Team of draft oxen during plowing of the dedicated flax field in autumn 2021
Accordingly, the planned field of 90x6 m was turned over for the first time with a moldboard plow and a team of oxen in fall 2021. A seedbed preparation with a harrow then took place at the end of March 2022, before a mixture of the fiber flax varieties Felice, Avian and Lisette was spread on April 12 – in broad sowing by hand. To enable a more even sowing, the flax seed were mixed with flax straw. Thus, with each throw, the hand was literally full. The seed were worked in again with the harrow.

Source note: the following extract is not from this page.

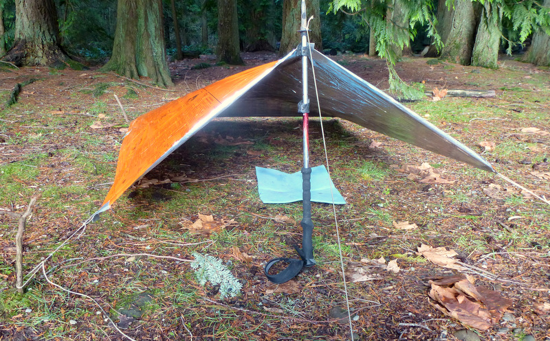 One of my trekking poles serves as the front support and with a little adjustment, I am set up. The blanket tent is pitched with the reflective side down to give me good radiation loss protection. It comes out pretty much as I had imagined.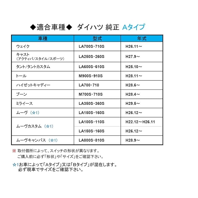 トヨタAタイプ※適合車種は画像でご確認下さい

Preparation of the seed bed using a single draft oxen and an seed-harrow in April 2022
Broad-sowing by hand
Weed control
Due to increased weed pressure in the month of May, a single pass of weed control (especially for thistles, burdock, mullein and dock) was done by hand at the beginning of the month. Significantly more caution had to be taken than with cereals to avoid damaging the flax plants. On May 10, the always particularly impressive flowering phase of the flax began.
Flax in full bloom on May 10th 2022
The flax field (on the left) in the wider context of the field systems (three-field crop rotation) and field crops (wheat on the right, fallow land in the middle) of the Open-Air Laboratory
Harvest and Post-Processing
On the 19th of July, the flax was harvested by hand. After riffling (decapping), the flax stalks were prepared for further processing with the help of a dew roasting ("Tauröste" in German) process that lasted several weeks.
Flax harvest in July 2022
Postprocessing (breaking [“Brechen”] on the left, hetcheling [“Hecheln”} on the right) of the Flax in fall 2022
The further processing itself then took place in the months of September and October with the classic steps of breaking and hetcheling ("Hecheln" in German). School classes, kindergarten children, and adults were actively involved in the processing procedures as part of educational activities.
The spinning and weaving of the flax yarn into linen fabric is finally planned for the second half of 2023.